*EXERCISE DIRECTIONS:* Starting with the line below that holds "of Firstfruits, 50" and stopping after the line that holds "アディダスのトラックジャケッ", transcribe the lines exactly, leaving out all pictures.

*DATA FOR PROCESSING:*
^^^^^^^^
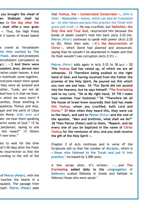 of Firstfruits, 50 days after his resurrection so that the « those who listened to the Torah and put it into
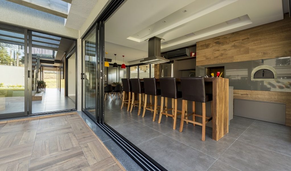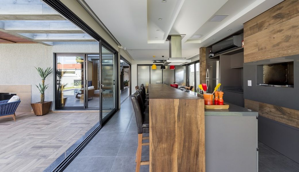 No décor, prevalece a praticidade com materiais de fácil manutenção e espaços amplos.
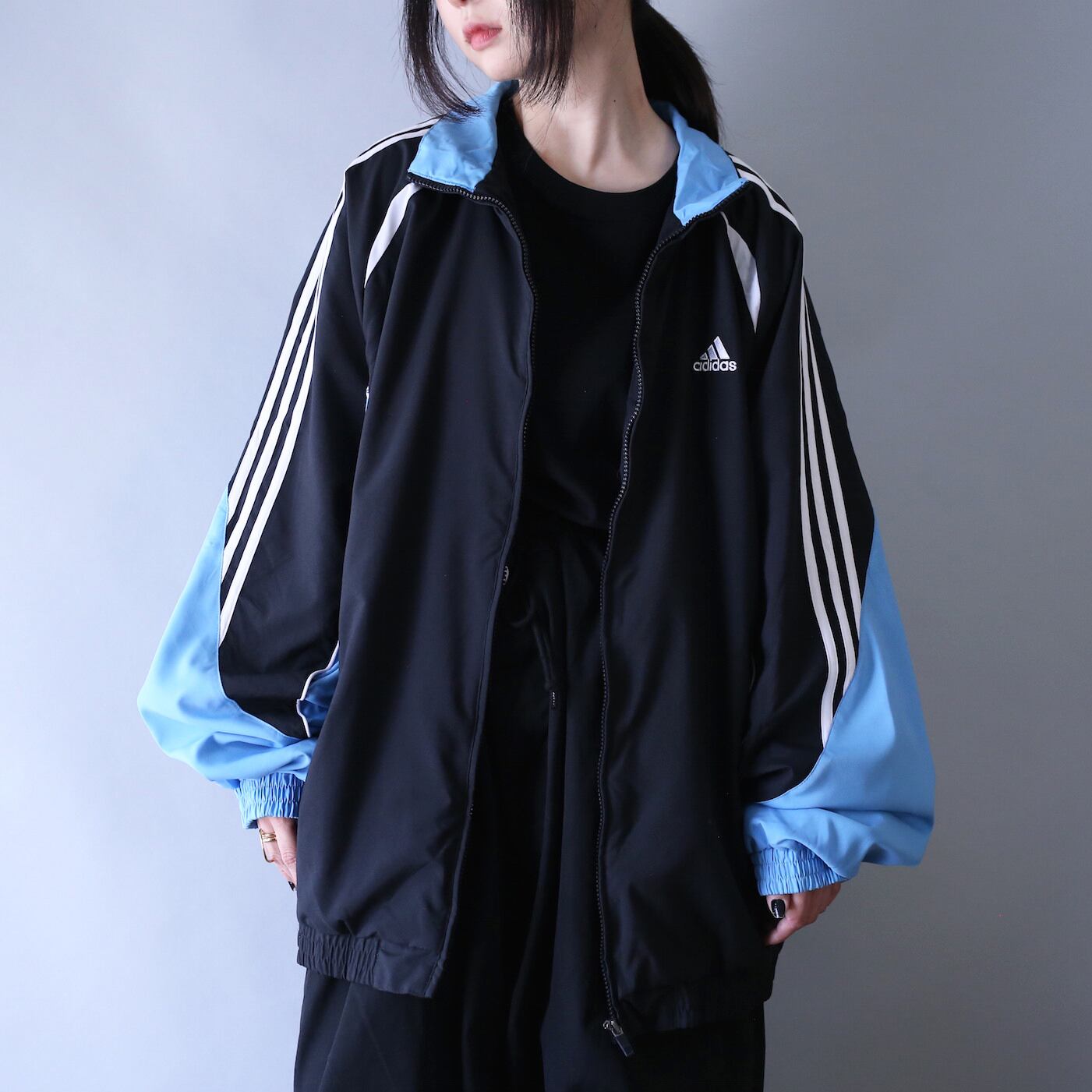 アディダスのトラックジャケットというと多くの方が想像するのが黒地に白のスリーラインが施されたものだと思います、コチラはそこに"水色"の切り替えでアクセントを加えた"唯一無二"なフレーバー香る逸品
^^^^^^^^
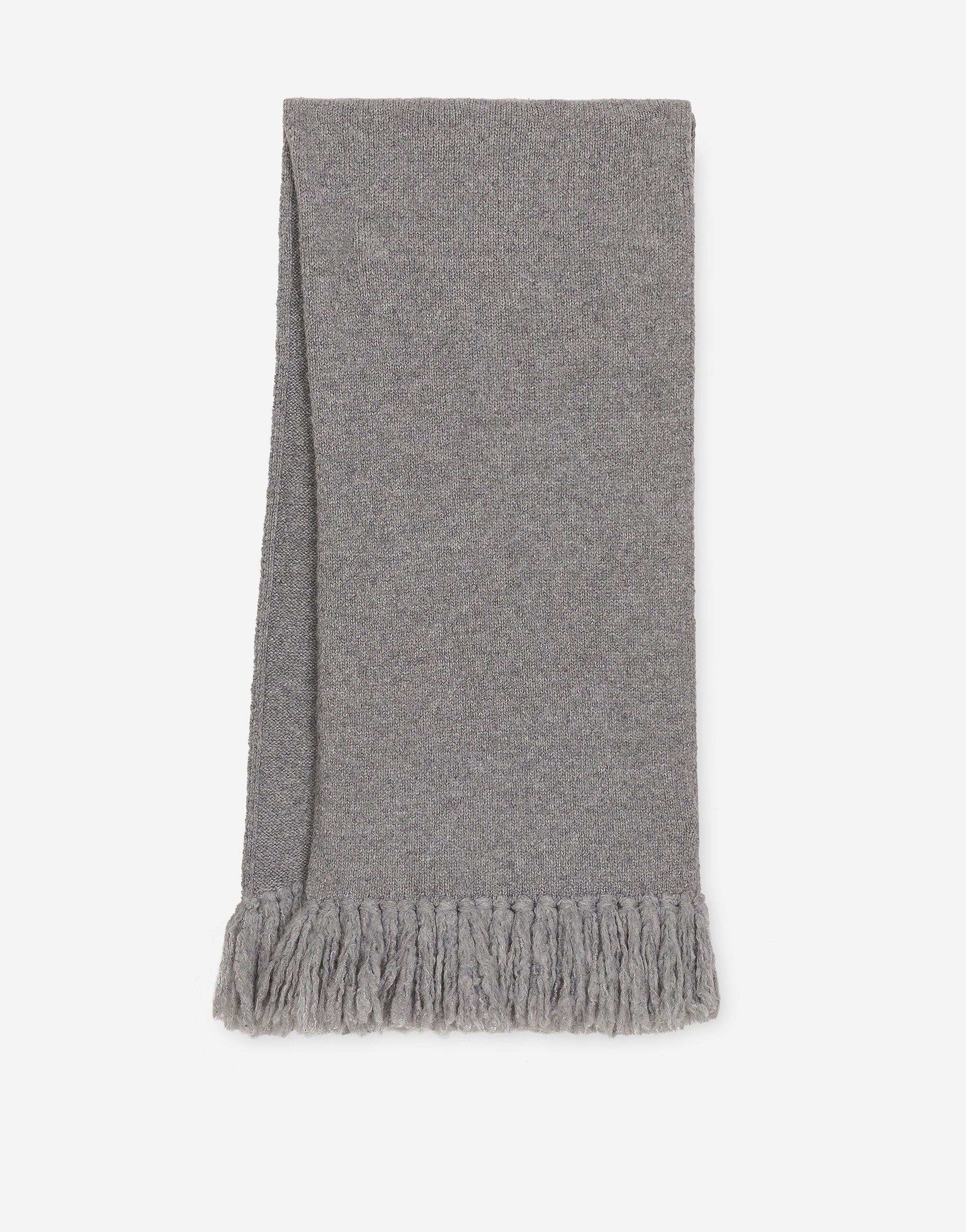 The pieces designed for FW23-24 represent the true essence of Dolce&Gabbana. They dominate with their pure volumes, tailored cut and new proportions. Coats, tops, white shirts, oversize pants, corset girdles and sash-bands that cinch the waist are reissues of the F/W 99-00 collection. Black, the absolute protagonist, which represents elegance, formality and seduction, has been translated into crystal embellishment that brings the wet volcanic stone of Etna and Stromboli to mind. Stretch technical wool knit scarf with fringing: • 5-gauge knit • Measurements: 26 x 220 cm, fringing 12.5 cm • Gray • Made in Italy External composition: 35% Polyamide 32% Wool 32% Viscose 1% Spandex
^^^^^^^^
*REPLY TO THE TASK:*
 of Firstfruits, 50 days after his resurrection so that the « those who listened to the Torah and put it into
 No décor, prevalece a praticidade com materiais de fácil manutenção e espaços amplos.
 アディダスのトラックジャケットというと多くの方が想像するのが黒地に白のスリーラインが施されたものだと思います、コチラはそこに"水色"の切り替えでアクセントを加えた"唯一無二"なフレーバー香る逸品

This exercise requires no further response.